When trying to hire Millennials, “I do believe that the things you stand for as a firm do need to be fully appreciated and [need to] check a lot of the boxes that they have when they’re going through the process of determining where they want to work,” Heard says.
Concord Hospitality Enterprises
Fortune ranking: 81
Raleigh, N.C.-based Concord, a hotel developer, owner and operator, treats each employee—not just Millennials—like a customer, says Debra Punke, senior vice president of human capital.
“The experience from hire to retire is essential to Millennials, and if you are thoughtful about each interaction, they will join your team and stick around,” Punke says.
Millennials want to stick around at Concord because they’re energized by the company’s purpose-driven nature, she says. These workers are drawn to employers that have crafted a well-articulated mission that resonates inside and outside the workplace, according to Punke.
“Millennials want to be affiliated with an employer who cares about giving back to the communities where they live and work,” she says. “They want to be part of a company who has a greater purpose and impact.”
From what Punke has observed, some employers in commercial real estate are failing to attract Millennial workers “because they are all about the business.”
“It’s high-pressure and only the results matter. They are not purpose-driven,” she adds.

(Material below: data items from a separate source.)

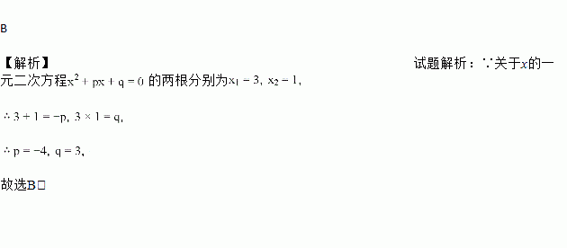 如果关于x的一元二次方程x2+px+q=0的两根分别为x1=3,x2=1,那么这个一元二次方程是( )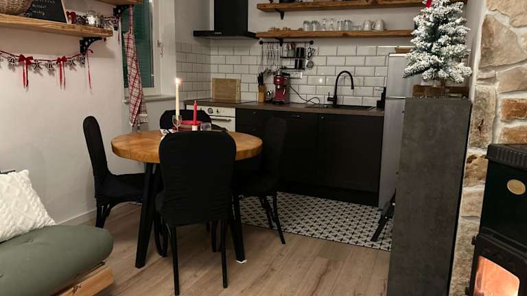 Das Ferienhaus mit Klimaanlage verfügt über 1 Schlafzimmer, ein gemütliches Wohnzimmer sowie eine voll ausgestattete Küche mit Kühlschrank und Kaffeemaschine. Ein Badezimmer mit Dusche und Haartrockner ist ebenfalls vorhanden. Handtücher und Bettwäsche werden bereitgestellt.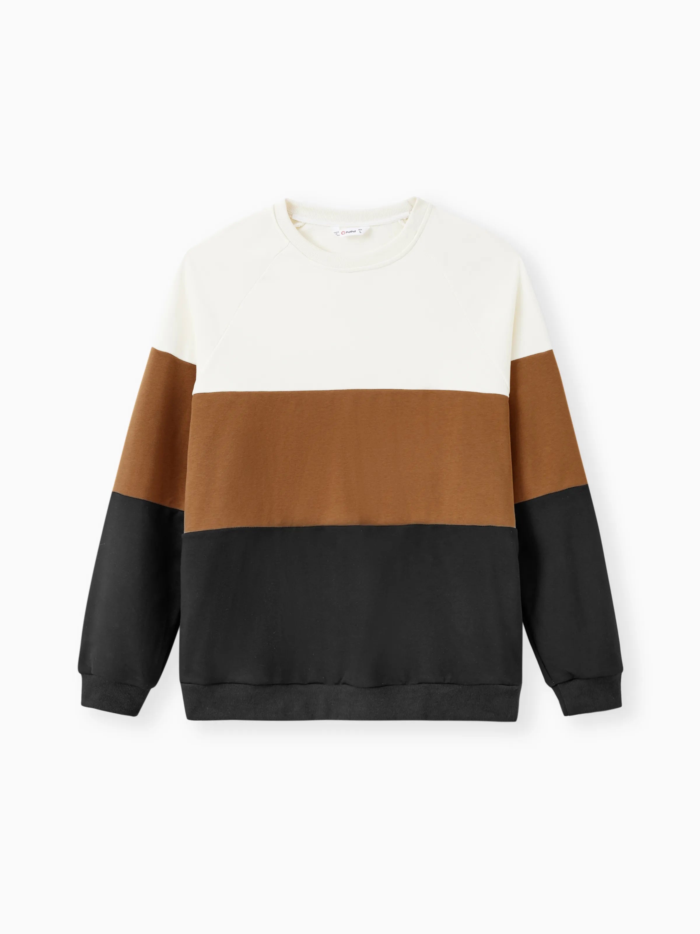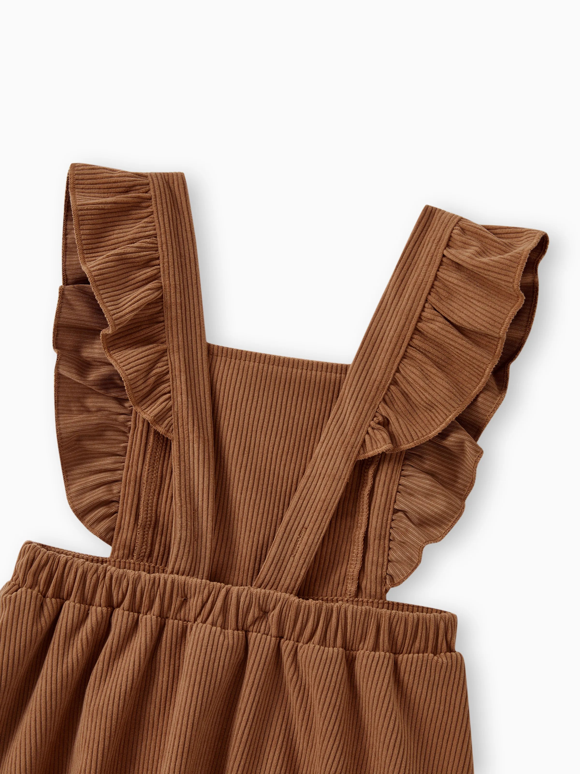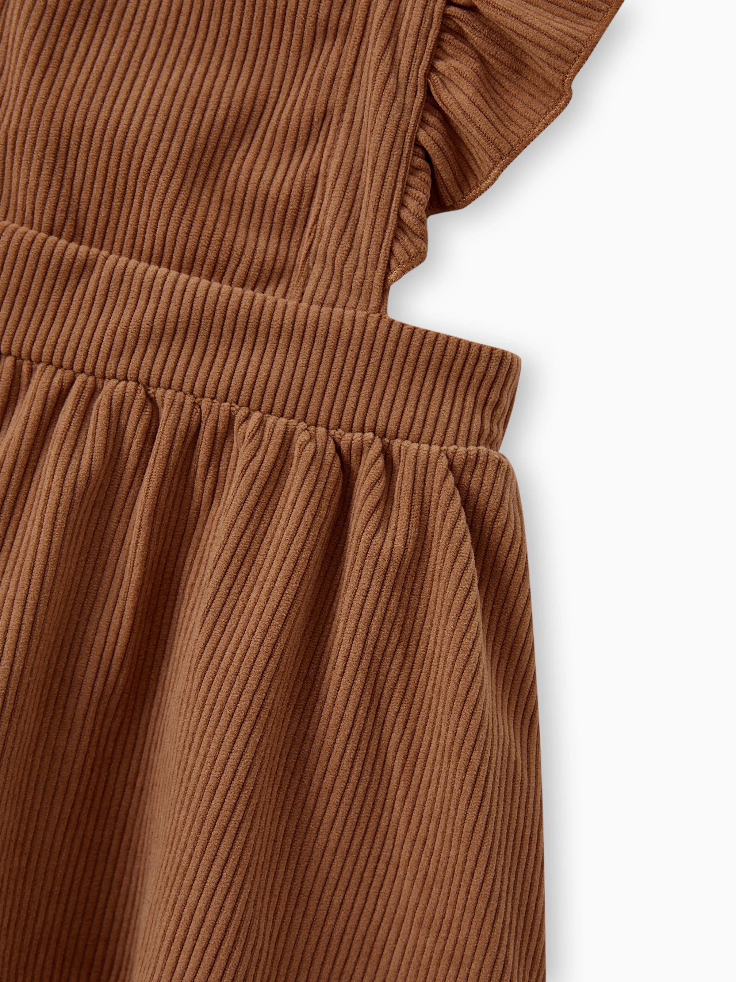 Family Matching Brown Corduroy Color block Sweatshirt or Adjustable Pinafore Dress Khaki

Punke says Concord fosters a work environment that appeals to Millennials in four key areas:
Charity—Concord enables employees to engage in fundraisers, volunteer projects and other charitable endeavors. Over the past decade, employees have raised $750,000, served more than 2 million meals, refurbished a dozen homes and donated 17,000 volunteer hours, Punke says.
Fun—Concord employees recognize and support each other in a variety of ways, according to Punke. She says Concord wants its workers to have fun “in all that they do.”
Sustainability—Among other things, Concord builds green hotels, repurposes soap and shampoo into bars of soap for vulnerable kids around the world and diverts tons of waste from landfills.
Wellness—On-site fitness centers and virtual competitions are among the tools that Concord uses to promote mental, physical and emotional wellness in the workforce.
“We believe if you take care of them, they will take care of the customers and the profit will flow,” Punke notes.
Walker & Dunlop
Fortune ranking: 83
Millennials who join Walker & Dunlop, a Bethesda, Md.-based provider of commercial real estate financing, find a number of opportunities to flourish professionally.
For instance, Walker & Dunlop sponsors a “high potential” program for employees who have been with the company for a few years and have established a track record of success, according to Paula Pryor, senior vice president of human resources.
In that program, a manager identifies someone who’s got the potential to rise through the ranks over the next five years and nominates that person to participate, Pryor says. Every year, executives pick 10 “high potential” employees for the program. Over the course of a year, each participant learns how to polish presentation, leadership and teambuilding skills; shadows a member of the management team; and collaborates on a corporate initiative.
Additionally, Pryor says, the company strives to help Millennials carve out a career path, which includes consideration for in-house promotions.
She notes that more than 40 percent of Walker & Dunlop’s workforce consists of Millennials.
“Not only do we place a strong emphasis on learning, opportunities for growth and recognition, but we also insist on having fun—who doesn’t love that?” she notes.